Abstract
Tissue regeneration and development involves highly synchronized signals both between cells and with the extracellular environment. Biomaterials can be tuned to mimic specific biological signals and control cell response(s). As a result, these materials can be used as tools to elucidate cell signaling pathways and candidate molecules involved with cellular processes. In this work, we explore enamel-forming cells, ameloblasts, which have a limited regenerative capacity. By exposing undifferentiated cells to a self-assembling matrix bearing RGDS epitopes, we elicited a regenerative signal at will that subsequently led to the identification of thrombospondin 2 (TSP2), an extracellular matrix protein that has not been previously recognized as a key player in enamel development and regeneration. Targeted disruption of the thrombospondin 2 gene (. Thbs2) resulted in enamel formation with a disordered architecture that was highly susceptible to wear compared to their wild-type counterparts.
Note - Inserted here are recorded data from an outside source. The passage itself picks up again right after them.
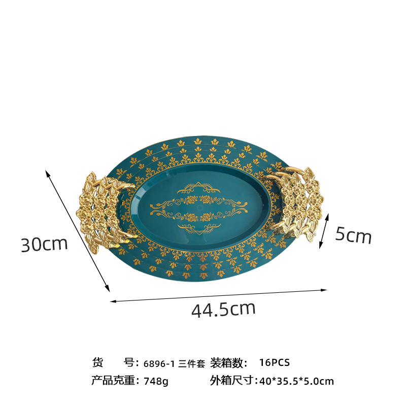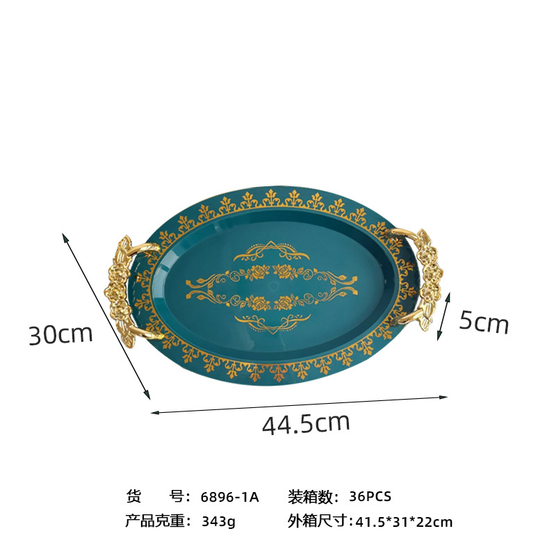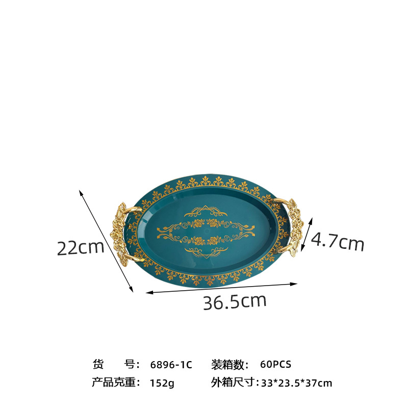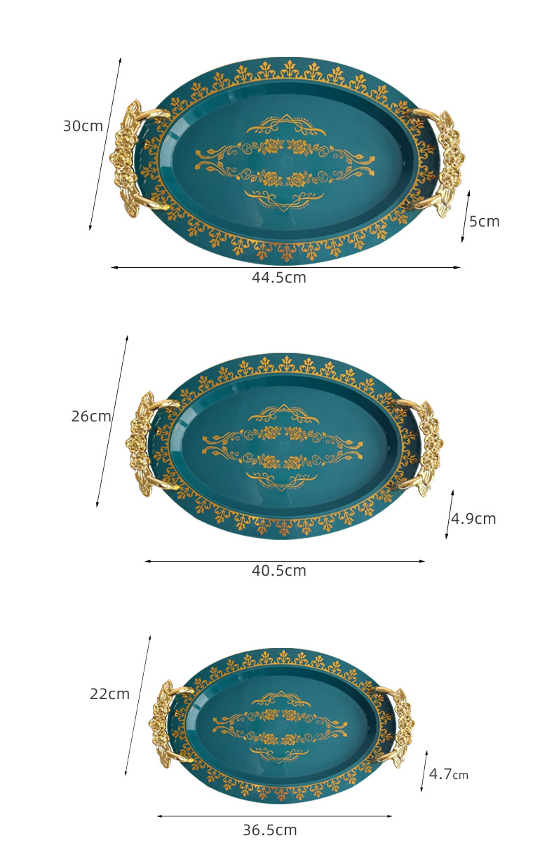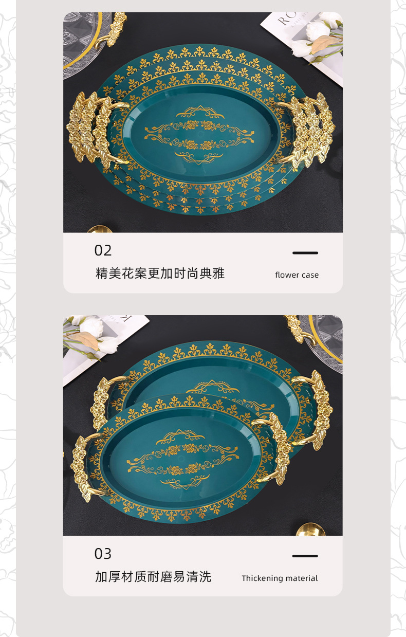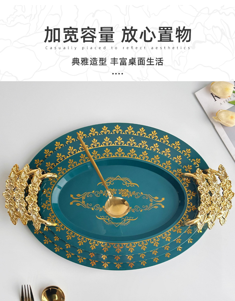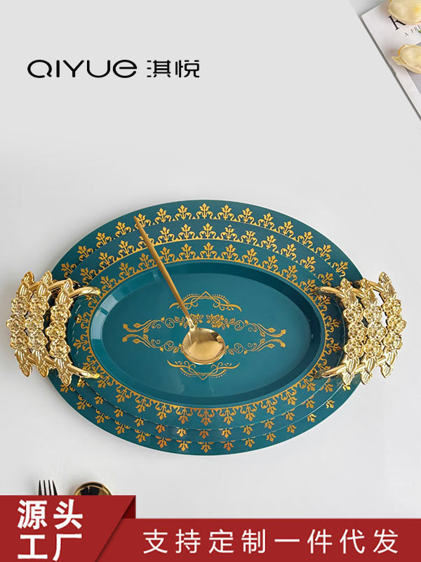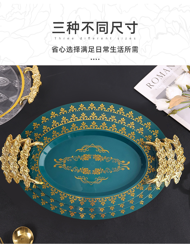 绿金椭圆托盘跨境电商北欧轻奢风果盘茶盘点心盘酒店宴会放水杯盘
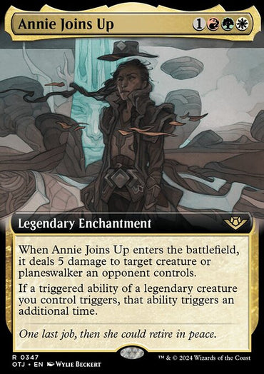 Annie Joins Up (Extended Art) [Outlaws of Thunder Junction]Set: Outlaws of Thunder Junction Type: Legendary Enchantment Rarity: Rare Co...
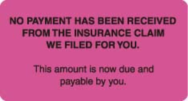 Patient Responsibility Labels, NO PAYMENT HAS BEEN... - Fl Pink, 3-1/4" X 1-3/4" (Roll of 250)
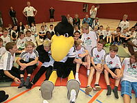 Unsere Kids haben allesamt ihr Bestes gegeben und haben tolle Tage hier erlebt die noch lange in Erinnerung bleiben werden. Und so ging es am Abend zur Abschlussveranstaltung in die Halle. Steffi Jones, Direktorin des DFB (ehemalige vielfache Nationalspielerin und Weltmeisterin) und Paule, das offizielle Maskottchen des DFB, nahmen die Auszeichnungen vor. Ball-Freestyler zeigten noch einmal ihre Künste - unglaublich, was mit einem Ball veranstaltet werden kann. Aufgrund der tollen Atmosphäre über die gesamten Tage gab es eigentlich keine Verlierer beim Turnier sondern nur Gewinner.
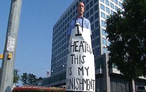 中新網8月28日電 據英國媒體27日報道,一名英國男子因和女人私通,東窗事發后被憤怒的妻子在頸上掛了一個寫著“我欺騙,這是我的懲罰”的告示牌,罰站街示眾。
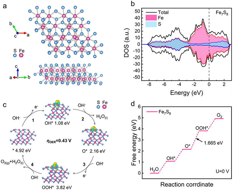 图1. 理论计算。(a)Fe7S8的晶体结构;(b)Fe7S8纳米片的态密度;(c)Fe7S8的OER机制的示意图;η表示速率决定步骤的理论过电位;(d)Fe7S8在0 V时的吉布斯自由能图示。
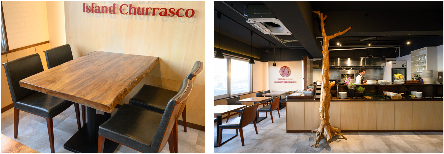 ブラジルの食文化であるシュラスコを、石垣島の食材と沖縄の伝統文化を感じる空間でご提供することで、両方の特徴や個性を引き出し、食を通じて全世界のお客様が楽しんでいただけるような新たな価値の提供を世界に発信してまいります。 (左画像:特注の琉球松テーブル、右画像:店舗中央のチャーギ)
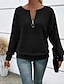 T-shirt femme à manches longues avec fermeture éclair quart style décontracté graphique tribal vintage bohème tropical hawaïen col en V tops réguliers quotidien sorties noir printemps automne

To test the regenerative capacity, we injected the bioactive matrix into the enamel organ and discovered that the enamel organic epithelial cells in TSP-null mice failed to polarize on the surface of the artificial matrix, greatly reducing integrin β1 and Notch1 expression levels, which represent signaling pathways known to be associated with TSP2. These results suggest TSP2 plays an important role in regulating cell-matrix interactions during enamel formation. Exploiting the signaling pathways activated by biomaterials can provide insight into native signaling mechanisms crucial for tooth development and cell-based strategies for enamel regeneration.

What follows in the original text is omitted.